── DATASET ──

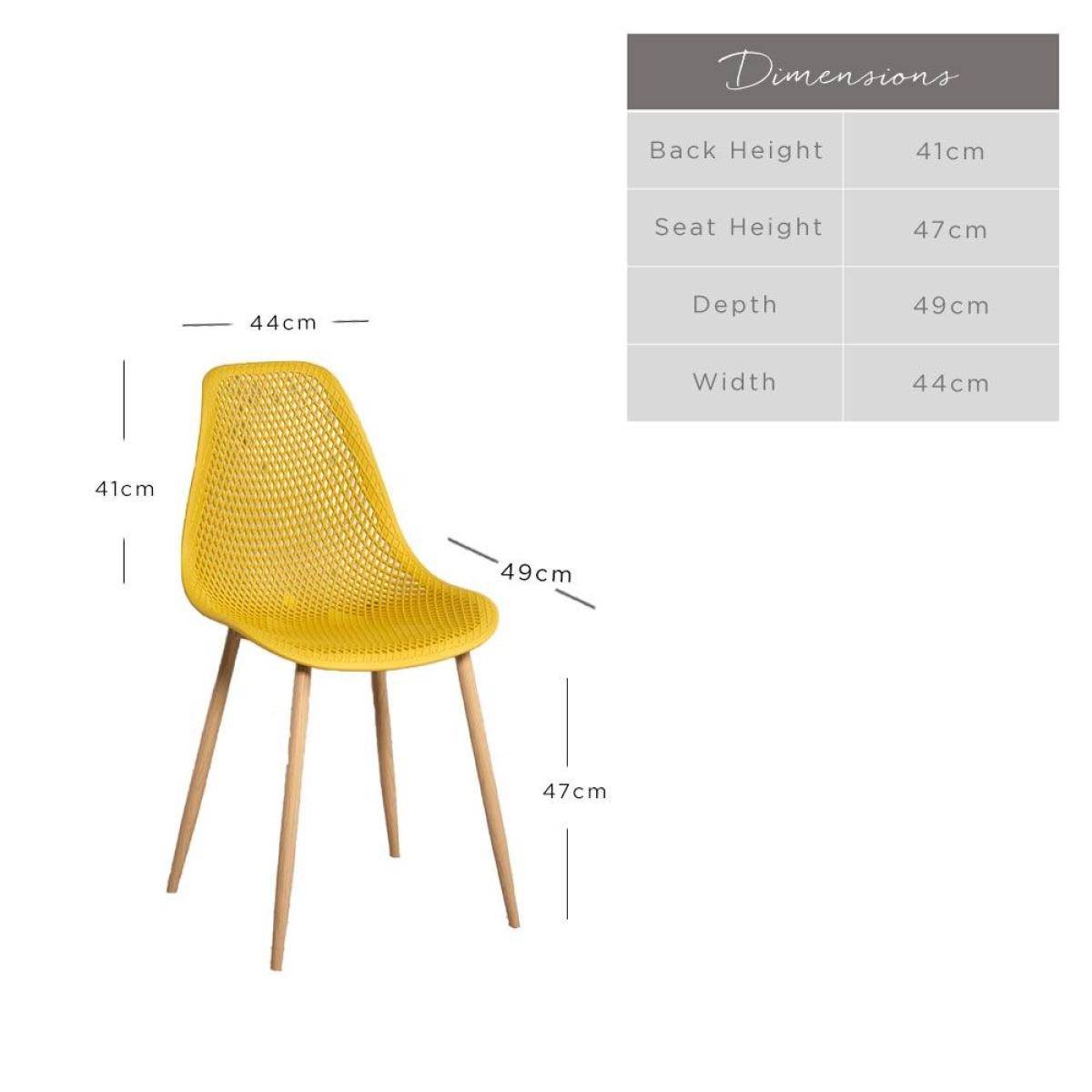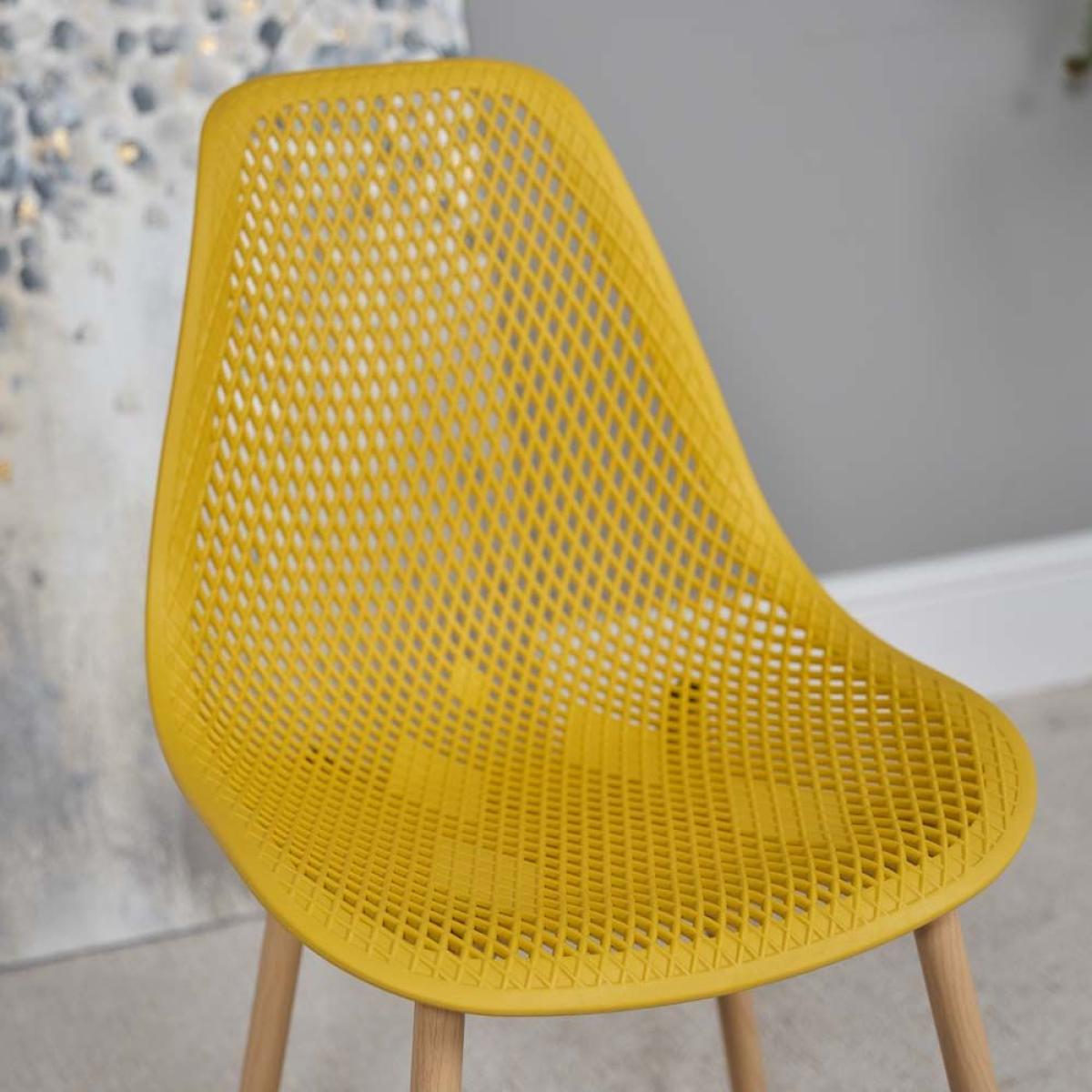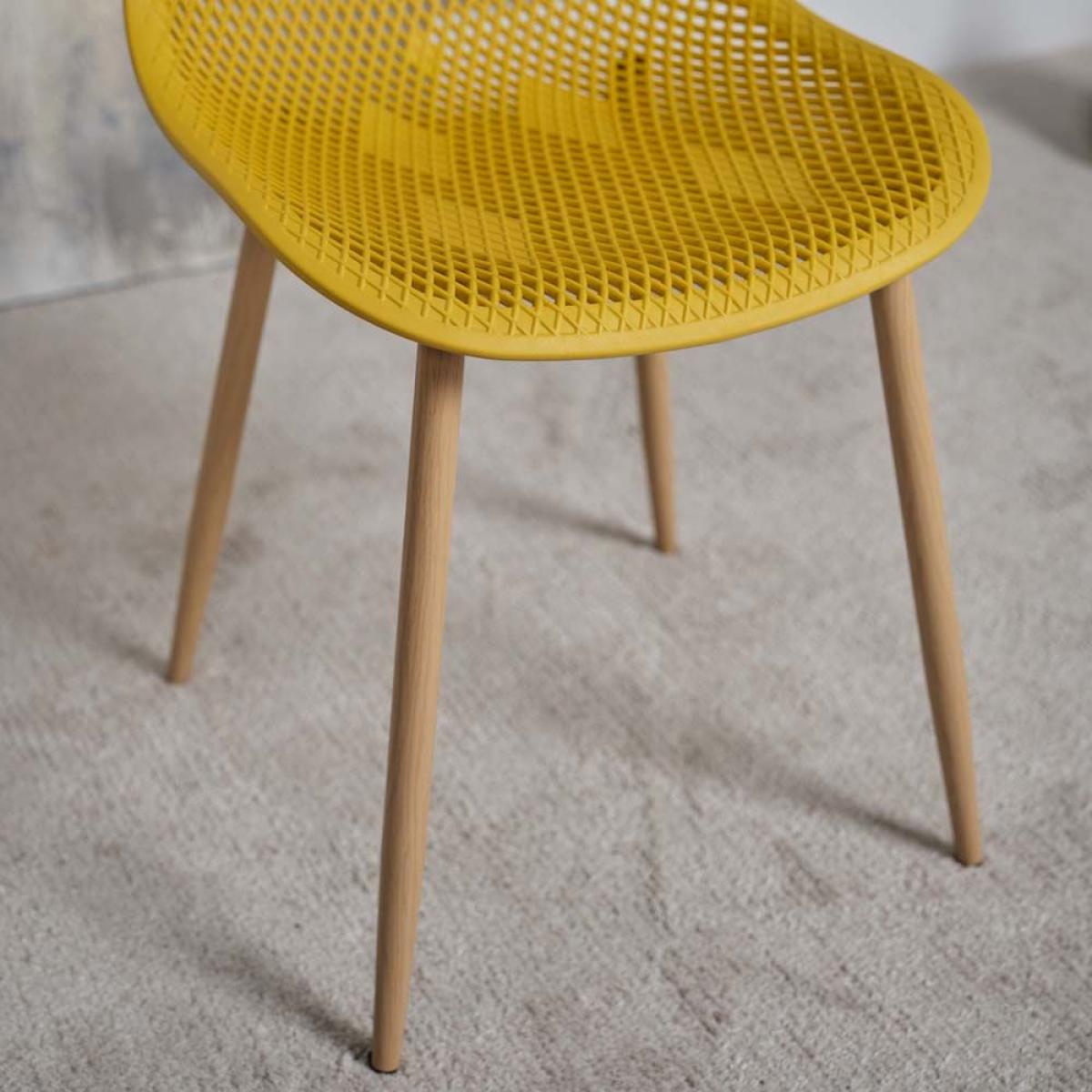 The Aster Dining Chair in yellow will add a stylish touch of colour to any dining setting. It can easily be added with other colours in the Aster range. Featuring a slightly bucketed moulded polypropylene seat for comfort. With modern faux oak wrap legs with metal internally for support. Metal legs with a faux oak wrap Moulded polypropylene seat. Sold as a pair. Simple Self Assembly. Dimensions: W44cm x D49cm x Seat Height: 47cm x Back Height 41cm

───
── DATASET ──

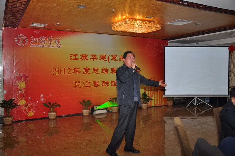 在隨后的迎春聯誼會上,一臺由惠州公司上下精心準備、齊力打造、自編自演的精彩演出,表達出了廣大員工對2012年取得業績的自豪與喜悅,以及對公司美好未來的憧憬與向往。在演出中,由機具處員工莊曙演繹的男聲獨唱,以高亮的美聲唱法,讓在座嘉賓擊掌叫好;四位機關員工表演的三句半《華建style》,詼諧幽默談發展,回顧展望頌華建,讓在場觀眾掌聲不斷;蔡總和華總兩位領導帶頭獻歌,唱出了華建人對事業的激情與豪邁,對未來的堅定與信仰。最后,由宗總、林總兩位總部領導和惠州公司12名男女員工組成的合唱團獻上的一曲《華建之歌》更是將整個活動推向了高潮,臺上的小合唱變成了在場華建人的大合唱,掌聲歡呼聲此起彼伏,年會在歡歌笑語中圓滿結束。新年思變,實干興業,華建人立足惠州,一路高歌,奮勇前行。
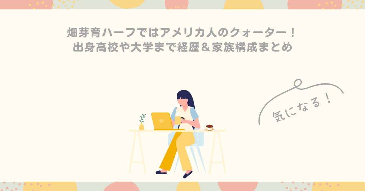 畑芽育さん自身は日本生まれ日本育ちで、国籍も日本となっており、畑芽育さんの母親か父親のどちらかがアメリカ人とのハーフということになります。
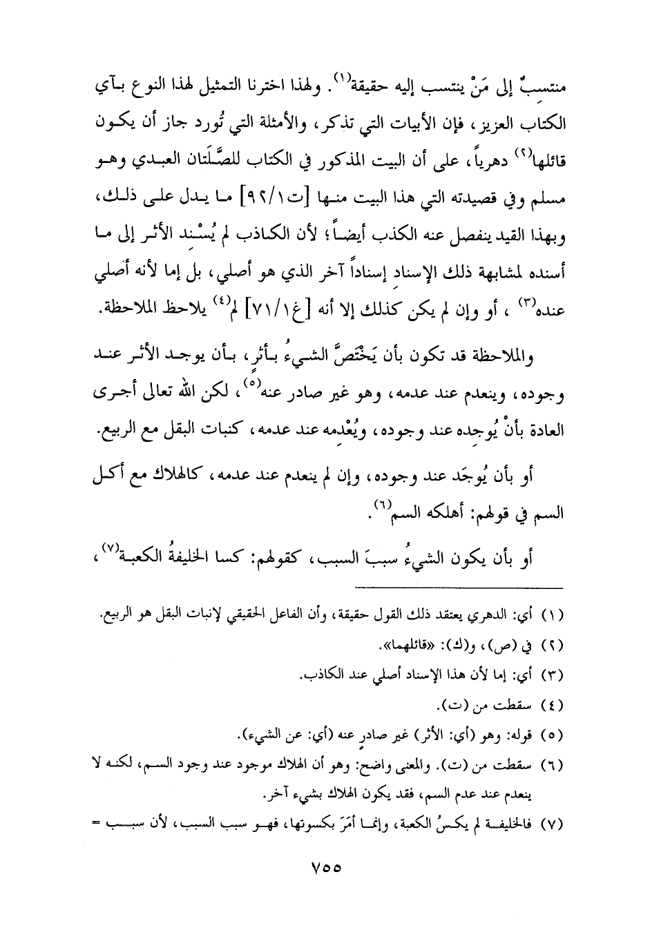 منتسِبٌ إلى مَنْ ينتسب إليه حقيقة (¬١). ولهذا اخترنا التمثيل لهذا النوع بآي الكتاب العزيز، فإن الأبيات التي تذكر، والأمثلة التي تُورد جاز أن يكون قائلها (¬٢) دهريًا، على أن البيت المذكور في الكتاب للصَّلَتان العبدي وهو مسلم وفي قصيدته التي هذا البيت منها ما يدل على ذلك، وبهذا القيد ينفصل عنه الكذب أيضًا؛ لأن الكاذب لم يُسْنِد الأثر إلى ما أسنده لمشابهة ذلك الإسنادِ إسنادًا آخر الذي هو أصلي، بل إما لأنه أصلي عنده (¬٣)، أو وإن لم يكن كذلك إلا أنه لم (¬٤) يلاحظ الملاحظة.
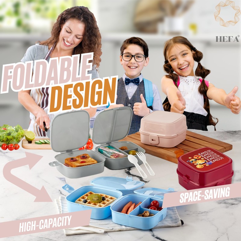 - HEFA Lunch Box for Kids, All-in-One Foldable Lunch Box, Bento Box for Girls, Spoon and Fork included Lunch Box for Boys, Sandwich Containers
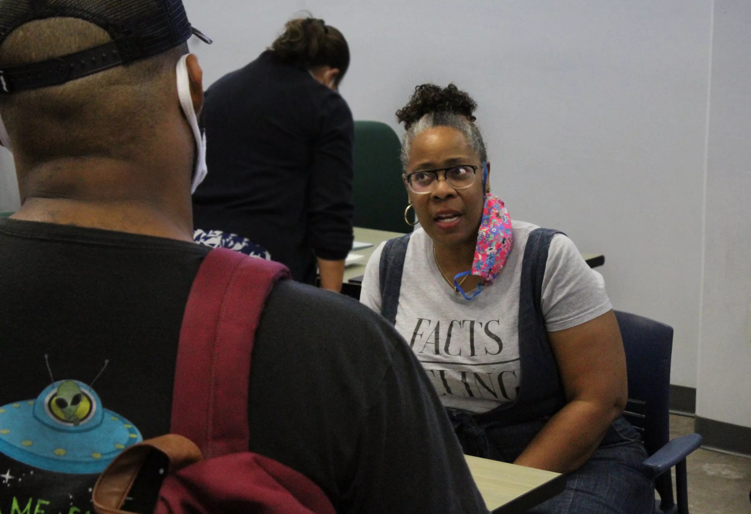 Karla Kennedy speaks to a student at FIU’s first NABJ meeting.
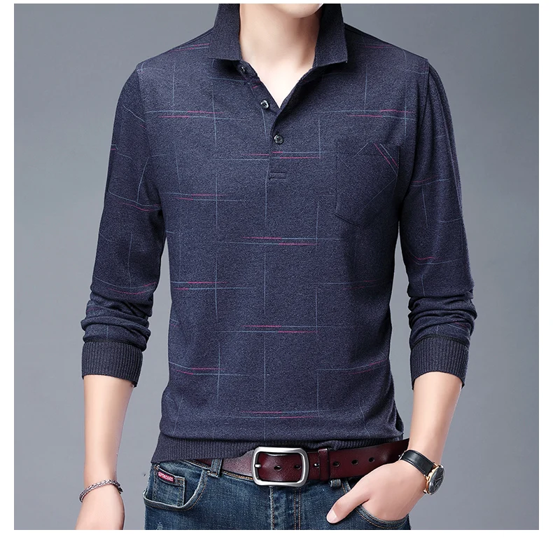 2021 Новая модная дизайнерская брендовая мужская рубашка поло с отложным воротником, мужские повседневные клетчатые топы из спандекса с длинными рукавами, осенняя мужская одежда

───
── DATASET ──

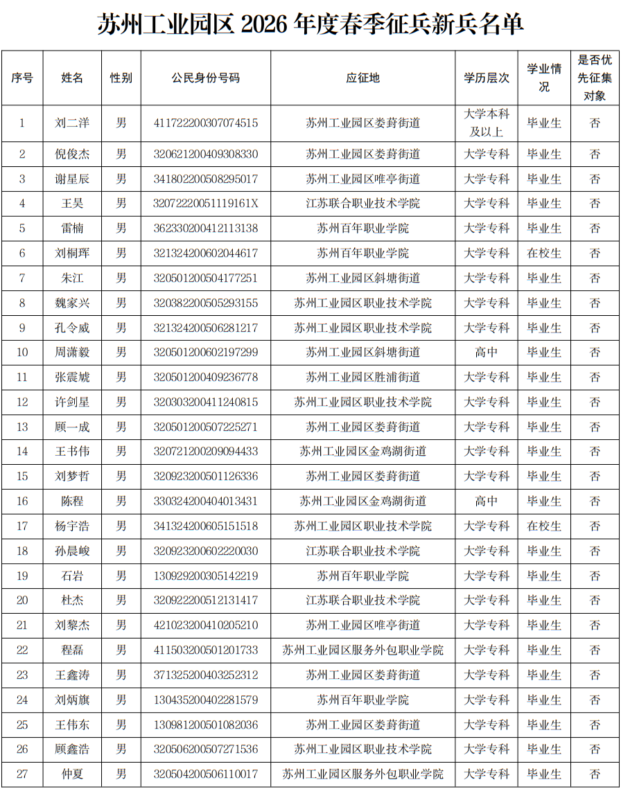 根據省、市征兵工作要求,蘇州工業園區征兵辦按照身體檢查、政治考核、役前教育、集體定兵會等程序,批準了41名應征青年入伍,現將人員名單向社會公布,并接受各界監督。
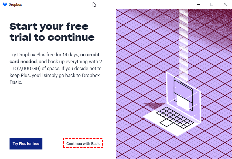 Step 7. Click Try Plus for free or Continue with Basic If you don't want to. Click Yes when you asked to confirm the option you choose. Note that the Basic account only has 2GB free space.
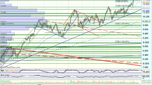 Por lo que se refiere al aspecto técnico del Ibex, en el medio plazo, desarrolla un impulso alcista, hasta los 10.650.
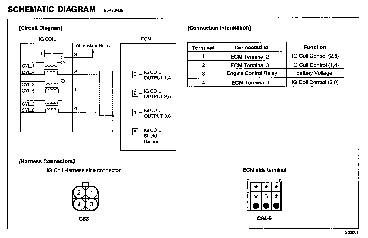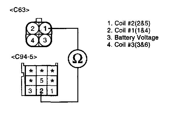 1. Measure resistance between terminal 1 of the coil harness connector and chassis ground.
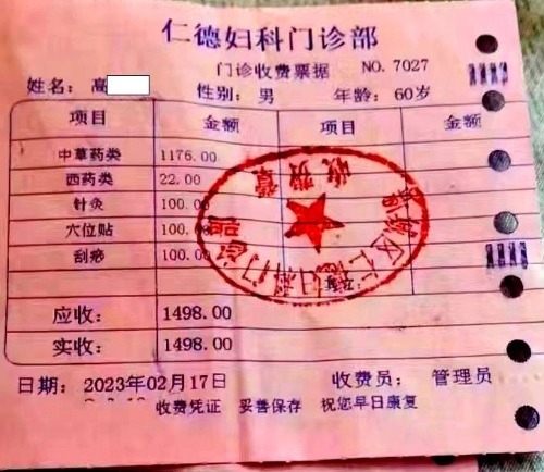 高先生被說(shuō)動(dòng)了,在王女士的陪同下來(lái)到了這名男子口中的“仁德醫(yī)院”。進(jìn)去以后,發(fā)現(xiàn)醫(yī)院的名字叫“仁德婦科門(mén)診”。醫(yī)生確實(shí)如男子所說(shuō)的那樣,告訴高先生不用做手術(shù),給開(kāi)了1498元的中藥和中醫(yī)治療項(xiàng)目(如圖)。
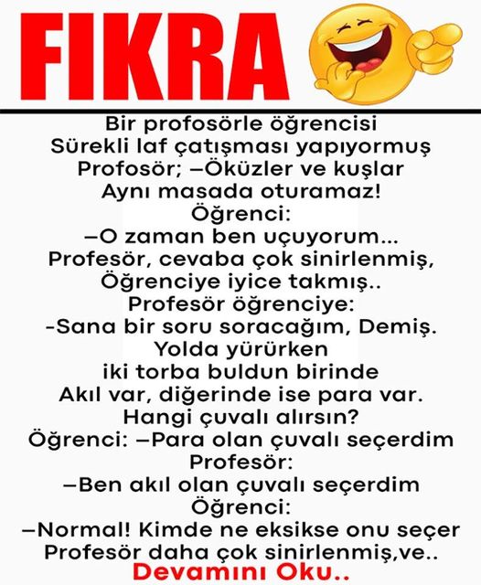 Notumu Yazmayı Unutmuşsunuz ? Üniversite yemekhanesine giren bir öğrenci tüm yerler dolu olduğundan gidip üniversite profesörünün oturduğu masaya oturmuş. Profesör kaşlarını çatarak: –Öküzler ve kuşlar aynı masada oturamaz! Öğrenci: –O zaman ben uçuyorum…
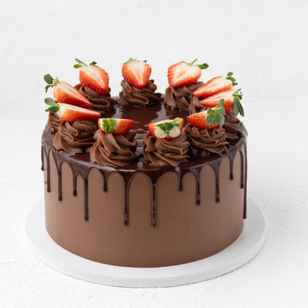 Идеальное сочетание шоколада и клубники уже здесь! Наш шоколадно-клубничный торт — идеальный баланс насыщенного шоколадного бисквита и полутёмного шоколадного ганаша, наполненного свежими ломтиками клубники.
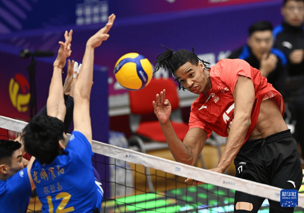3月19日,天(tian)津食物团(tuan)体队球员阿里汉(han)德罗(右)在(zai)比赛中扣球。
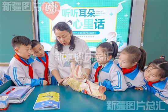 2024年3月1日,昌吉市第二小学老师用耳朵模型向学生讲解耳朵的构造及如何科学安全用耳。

───

▶ _TASK_:
In the entries above, find the line with "在隨后的迎春聯誼會上,一臺由" and the line with "2021 Новая модная". Write out exactly those two lines and every line between them, pictures excluded.

▶ _SOLUTION TO THIS EXERCISE_:
 在隨后的迎春聯誼會上,一臺由惠州公司上下精心準備、齊力打造、自編自演的精彩演出,表達出了廣大員工對2012年取得業績的自豪與喜悅,以及對公司美好未來的憧憬與向往。在演出中,由機具處員工莊曙演繹的男聲獨唱,以高亮的美聲唱法,讓在座嘉賓擊掌叫好;四位機關員工表演的三句半《華建style》,詼諧幽默談發展,回顧展望頌華建,讓在場觀眾掌聲不斷;蔡總和華總兩位領導帶頭獻歌,唱出了華建人對事業的激情與豪邁,對未來的堅定與信仰。最后,由宗總、林總兩位總部領導和惠州公司12名男女員工組成的合唱團獻上的一曲《華建之歌》更是將整個活動推向了高潮,臺上的小合唱變成了在場華建人的大合唱,掌聲歡呼聲此起彼伏,年會在歡歌笑語中圓滿結束。新年思變,實干興業,華建人立足惠州,一路高歌,奮勇前行。
 畑芽育さん自身は日本生まれ日本育ちで、国籍も日本となっており、畑芽育さんの母親か父親のどちらかがアメリカ人とのハーフということになります。
 منتسِبٌ إلى مَنْ ينتسب إليه حقيقة (¬١). ولهذا اخترنا التمثيل لهذا النوع بآي الكتاب العزيز، فإن الأبيات التي تذكر، والأمثلة التي تُورد جاز أن يكون قائلها (¬٢) دهريًا، على أن البيت المذكور في الكتاب للصَّلَتان العبدي وهو مسلم وفي قصيدته التي هذا البيت منها ما يدل على ذلك، وبهذا القيد ينفصل عنه الكذب أيضًا؛ لأن الكاذب لم يُسْنِد الأثر إلى ما أسنده لمشابهة ذلك الإسنادِ إسنادًا آخر الذي هو أصلي، بل إما لأنه أصلي عنده (¬٣)، أو وإن لم يكن كذلك إلا أنه لم (¬٤) يلاحظ الملاحظة.
 - HEFA Lunch Box for Kids, All-in-One Foldable Lunch Box, Bento Box for Girls, Spoon and Fork included Lunch Box for Boys, Sandwich Containers
 Karla Kennedy speaks to a student at FIU’s first NABJ meeting.
 2021 Новая модная дизайнерская брендовая мужская рубашка поло с отложным воротником, мужские повседневные клетчатые топы из спандекса с длинными рукавами, осенняя мужская одежда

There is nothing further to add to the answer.